"Lumbar Operatively Inserted PerQdisc Artificial Implant Following Nulcectomy" (LOPAIN2)

• Patient is skeletally mature aged 22-70.
• Patient has Degenerative Disc Disease (DDD) at one or more levels between L1 and S1 but the discogenic pain must be limited to a single level.
• Patient has adequate disc height (6mm) at the level to be treated
• Patient has exhausted a minimum of 6 months of conservative treatment for their back (e.g. physical therapy, medications, injections, life style changes, etc).
• Patient has a preoperative Oswestry Disability questionnaire score ≥ 40 out of 100 points (40/100)
• Patient has a low back pain Visual Analog Scale (VAS) ≥ 40 mm (4 cm)

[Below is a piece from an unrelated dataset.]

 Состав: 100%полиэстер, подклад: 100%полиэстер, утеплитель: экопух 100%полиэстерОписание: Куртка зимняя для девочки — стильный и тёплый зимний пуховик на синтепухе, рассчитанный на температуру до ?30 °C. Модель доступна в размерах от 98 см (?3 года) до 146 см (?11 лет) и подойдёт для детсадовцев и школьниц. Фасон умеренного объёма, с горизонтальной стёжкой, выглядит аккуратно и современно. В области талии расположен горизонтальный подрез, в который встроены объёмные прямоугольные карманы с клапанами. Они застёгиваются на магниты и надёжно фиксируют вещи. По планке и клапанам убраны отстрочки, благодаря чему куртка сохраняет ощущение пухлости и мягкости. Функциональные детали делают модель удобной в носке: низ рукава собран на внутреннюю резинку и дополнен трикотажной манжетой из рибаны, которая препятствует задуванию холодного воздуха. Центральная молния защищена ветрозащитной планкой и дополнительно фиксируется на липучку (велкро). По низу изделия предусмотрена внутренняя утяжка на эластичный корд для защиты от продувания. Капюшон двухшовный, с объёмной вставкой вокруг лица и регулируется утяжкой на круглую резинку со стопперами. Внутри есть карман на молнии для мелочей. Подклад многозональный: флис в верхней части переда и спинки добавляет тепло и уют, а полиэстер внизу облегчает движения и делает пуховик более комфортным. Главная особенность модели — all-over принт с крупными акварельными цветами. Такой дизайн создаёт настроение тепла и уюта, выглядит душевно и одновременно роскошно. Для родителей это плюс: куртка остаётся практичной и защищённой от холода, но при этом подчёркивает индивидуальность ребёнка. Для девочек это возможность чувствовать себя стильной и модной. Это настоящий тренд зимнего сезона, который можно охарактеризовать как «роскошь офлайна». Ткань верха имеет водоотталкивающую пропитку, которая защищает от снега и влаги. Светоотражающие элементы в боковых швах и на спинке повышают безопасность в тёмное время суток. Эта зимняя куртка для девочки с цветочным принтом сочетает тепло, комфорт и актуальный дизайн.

• Patient has signed the approved Informed Consent Form.
• All surgeries must be approved by the Medical Advisory Board (MAB)

• Patient has less than 6 mm of disc height.

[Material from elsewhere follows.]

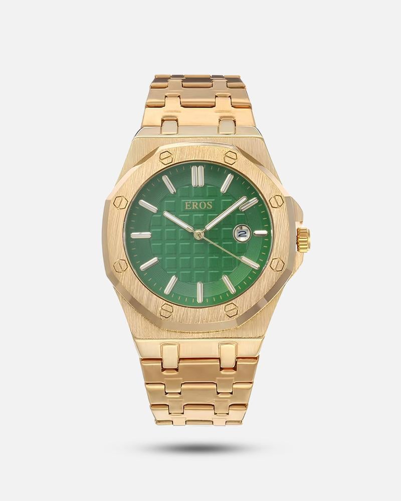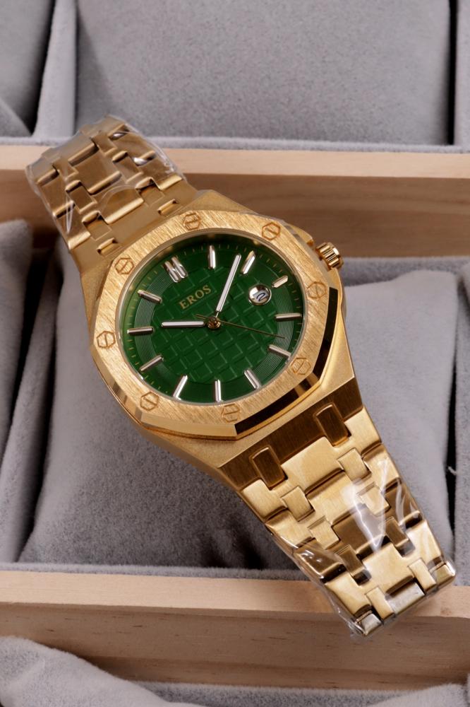 نوع المنتج: ساعة رجالية شبيهة اوديمارس بيجيه باللون الذهبي والاخضر

• Patient has had prior lumbar spine surgery (nucleoplasty at non-index level is considered acceptable).
• Patient has had spinal fusion in the lumbar or thoracic intervertebral spaces. Cervical fusion is allowed as long as there are no neurologic deficits in the lower extremities.
• Patient has spondyloarthropathy or other spondylolisthesis greater than 2 mm.

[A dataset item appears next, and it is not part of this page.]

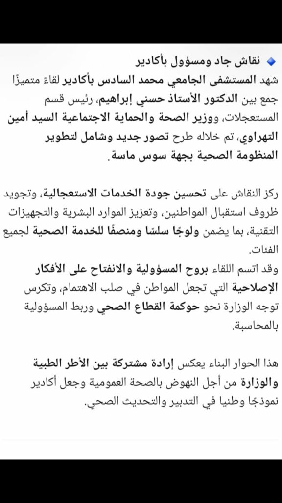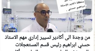 الاستاذ حسني ابراهيم رئيس قسم المستعجلات بالمستشفى الجامعي محمد السادس بأكادير بكل مسؤولية . مقالات مشابهة صور من المستشفى الجامعي محمد السادس بأكادير. 9 نوفمبر، 2025 الجرف الأخضر يحتفل بالذكرى الخمسين للمسيرة الخضراء في أجواء وطنية مميزة 9 نوفمبر، 2025 وزير الداخلية ينصب امحمد العطفاوي واليا على جهة الشرق 9 نوفمبر، 2025

• Patient has congenital moderate or severe spinal stenosis or epidural lipomatosis.
• Patient has significant facet disease. Significant is defined as pain improvement of 80% or more following image-guided medial branch blocks of the target level according to SIS guidelines (diagnostic, contrast controlled).
• Patient has any known active malignancy.
• Patient has previously undergone or currently on immunosuppressive therapy. Steroids used to treat inflammation are allowed.
• Patient has active or local systemic infection.
• Patient has been diagnosed with hepatitis, rheumatoid arthritis, lupus erythematosus, or other autoimmune disease including AIDS, ARC and HIV.
• Patient has diabetes mellitus (Type 1 or 2) requiring daily insulin management.
• Patient has osteopenia of the spine (T-score of -1.0 or lower). A DEXA scan should be performed to rule out patients considered at risk for osteopenia.
• Patient has morbid obesity defined as a body mass index (BMI) more than 40 or a weight of more than 45 kg (100 lbs.) over ideal body weight.
• Patient has a known allergy to silicone or barium sulfate.
• Patient has a significant disc herniation at the level to be treated. Significant is defined as a large, extruded herniation that creates a risk for expulsion.
• Patient has a significant Schmorl's node in the level to be treated. Significant is defined as a large, rectangular or irregular shaped node that has an associated active inflammatory process (Modic I changes).
• Patient has motion of less than 3 degrees on pre-operative lateral flexion/extension radiographs.
• Patient belongs to a vulnerable population or has a condition such that his/her ability to provide informed consent, comply with follow-up requirements, or provide self-assessments is compromised (e.g. developmentally, disabled, prisoner, chronic alcohol/ substance abuser)

Intraoperative Exclusion Criteria:

• Protrusion of the 20A Imaging Balloon up to or beyond the outer margin of the vertebra during the imaging steps.
• Patient has a violated endplate as determined by imaging balloons during fluoroscopy.
• Patient has a disc space that is too narrow for implantation. MIPL Specific
• Poor radiological visualization of Kambin's triangle.
• Sustained irritation of the exiting nerve root during any aspect of the annular dilation technique (leg movement or if performing with electrical monitoring) in spite or repositioning instruments.